→ Activity: Using the listing below, print the line containing "Futsal: Vasco estreia", the line containing "- RQ1: How has", and each line between them, exactly and nothing else. Pictures stay out of the print.

→ Supplied data:
<<<<

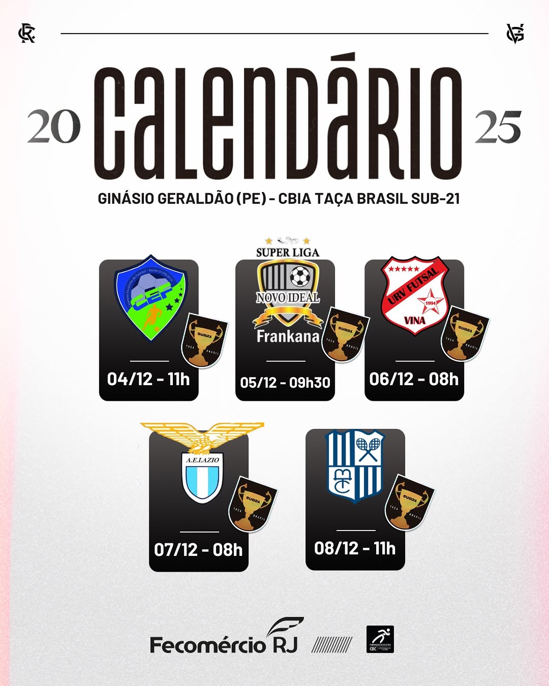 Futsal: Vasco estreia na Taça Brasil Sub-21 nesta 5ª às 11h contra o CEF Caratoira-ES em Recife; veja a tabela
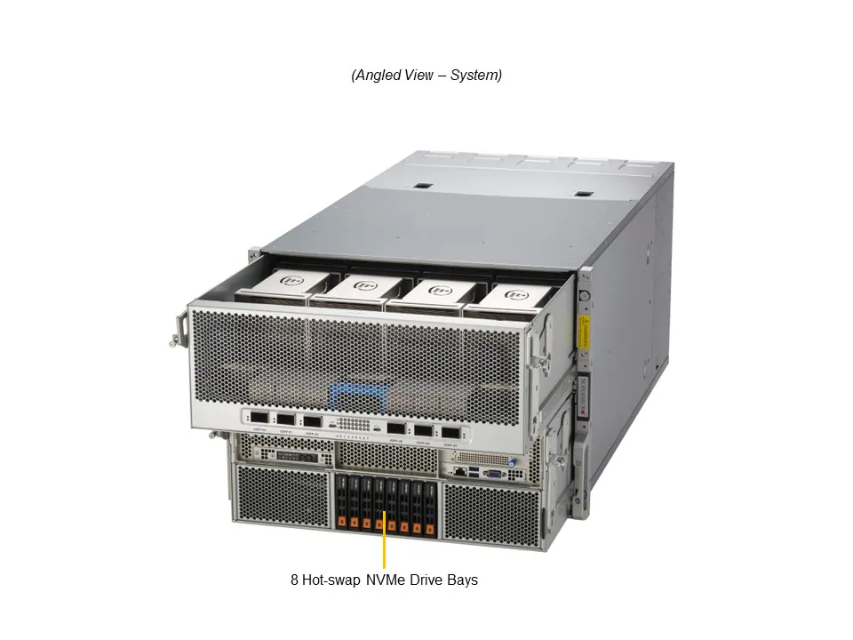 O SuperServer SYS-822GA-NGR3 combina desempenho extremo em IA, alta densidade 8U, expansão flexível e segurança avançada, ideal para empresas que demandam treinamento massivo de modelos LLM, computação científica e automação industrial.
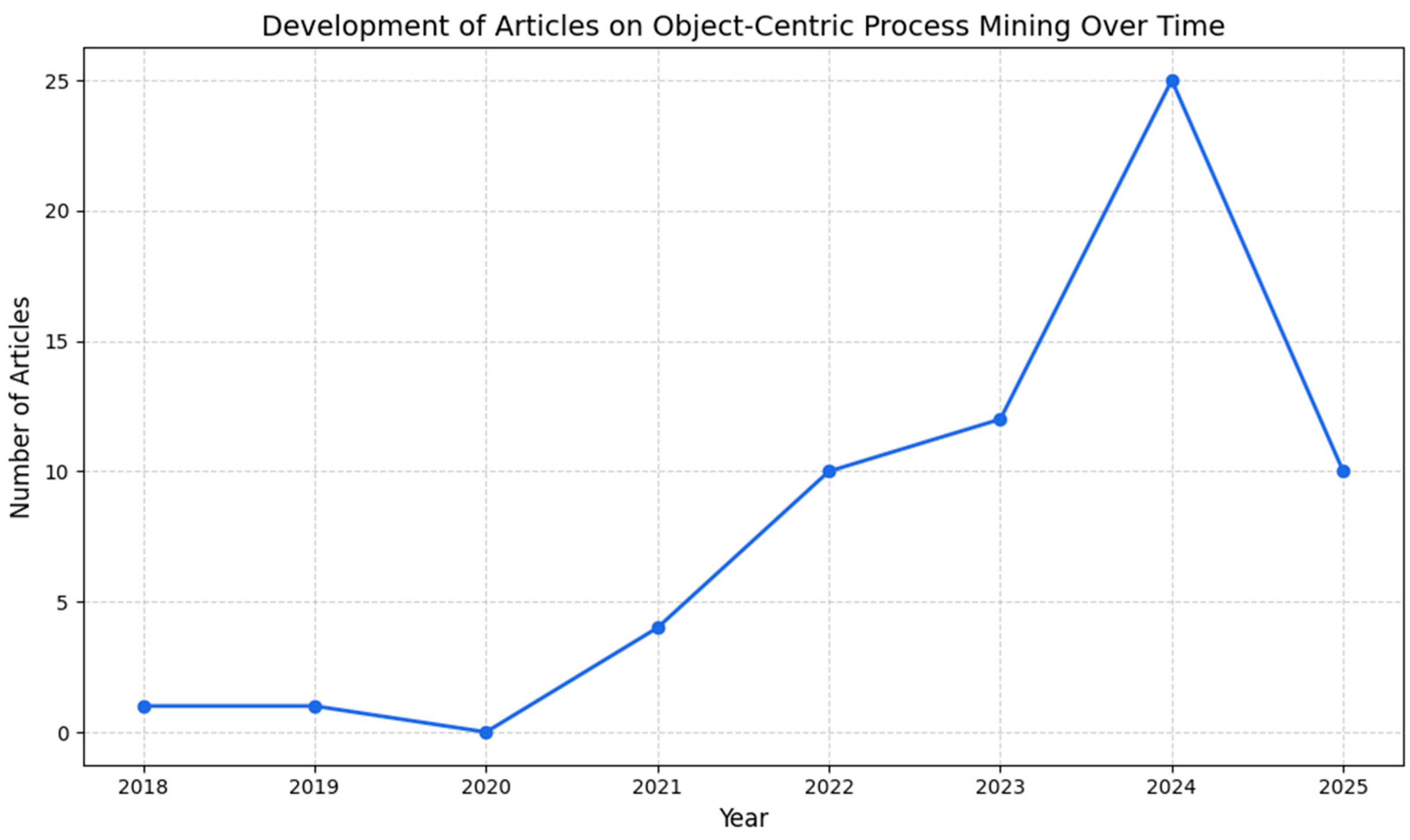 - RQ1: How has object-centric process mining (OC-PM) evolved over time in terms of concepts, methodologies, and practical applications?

>>>>
<<<<

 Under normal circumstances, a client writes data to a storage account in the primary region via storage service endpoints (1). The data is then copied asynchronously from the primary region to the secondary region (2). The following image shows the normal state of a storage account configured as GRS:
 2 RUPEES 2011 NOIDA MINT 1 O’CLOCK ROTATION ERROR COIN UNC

>>>>

→ Answer below:
 Futsal: Vasco estreia na Taça Brasil Sub-21 nesta 5ª às 11h contra o CEF Caratoira-ES em Recife; veja a tabela
 O SuperServer SYS-822GA-NGR3 combina desempenho extremo em IA, alta densidade 8U, expansão flexível e segurança avançada, ideal para empresas que demandam treinamento massivo de modelos LLM, computação científica e automação industrial.
 - RQ1: How has object-centric process mining (OC-PM) evolved over time in terms of concepts, methodologies, and practical applications?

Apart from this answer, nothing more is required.